# Last Alliance battle at the Black Gate



## JeffF. (Jan 4, 2002)

I've often wondered about the description of this battle. It states specifically that all middle earth was divided that day, even beasts and birds fought on either side. Specifically "only the elves were undivided." I've always wondered if that meant that some orcs and trolls fought on the side of the Alliance or do you think that those two races were aside from that description. I can't imagine ents fighting for Sauron either.


----------



## Aldarion (Jan 6, 2002)

*loyal trolls etc*

You're right as far as I can see. Another oversight on Professor T's part - gosh, we're all so picky!


----------



## Ståle (Jan 6, 2002)

Perhaps some of those nasty Huorns fought for SAuron, although it's up to each person to judge whether they are still 'Ents'.
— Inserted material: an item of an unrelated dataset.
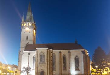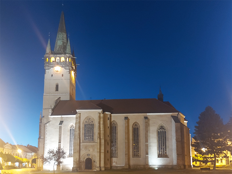 Pohľad na Konkatedrálu sv. Mikuláša v Prešove má svoje čaro aj vo večerných hodinách. Snímka: archív farnosti

You're right about Trolls and Orcs though.


----------



## Eonwe (Jan 6, 2002)

I always thought it was wierd about the dwarves? Must have been some dwarves from the east or south or something.


----------



## JeffF. (Jan 7, 2002)

*Dwarves, the big mystery*

Yes I wish there was more on them. Durin's Folk are really the only ones that the LOTR-Hobbit-Silmarillion stories are concerned with. Beyond vague mentions of other dwarves in the ROFTK Appendices (Durin's Folk) and the assumption that the Seven Rings were given to the seven houses there is not much. The only book in Christopher Tolkein's 'History' series I found worthwhile keeping was the Peoples of Middle Earth which names the other six dwarf houses and gives more information on their locations.


----------



## JeffF. (Jan 11, 2002)

*TO Eonwe*

In the Hobbit it stated that some evil Dwarves had made alliances with Goblins. I suppose the Dwarves had their groups prone to evil just as men did.


----------



## Bombur (Jan 15, 2002)

I always took the statement that only the Elves were undivided to mean that every Elf who took part in the battle were together as one group (under Gil-Galad and later Elrond), whereas the Trolls, Orcs, etc. were not based as one group.


----------



## JeffF. (Jan 15, 2002)

*Bombur*

The text specifically states that some of each kind fought on either side with the exception of the Elves. Unfinished Tales also states that the Silvan Elves fought under Amdir and Oropher (Thraduil's father) and were not disposed to put themselves under Gil-Galad's command.


----------



## Halasían (Jul 30, 2020)

This has always been an interesting bit that appeared in the Silmarillion. I'm guessing that without further explanation from the Professor himself, it was just a bit that never got fully developed. Did he mean 'divided' as in for or against Sauron (good & evil)? I do have a hard time seeing Orcs and Trolls fighting against Sauron.


----------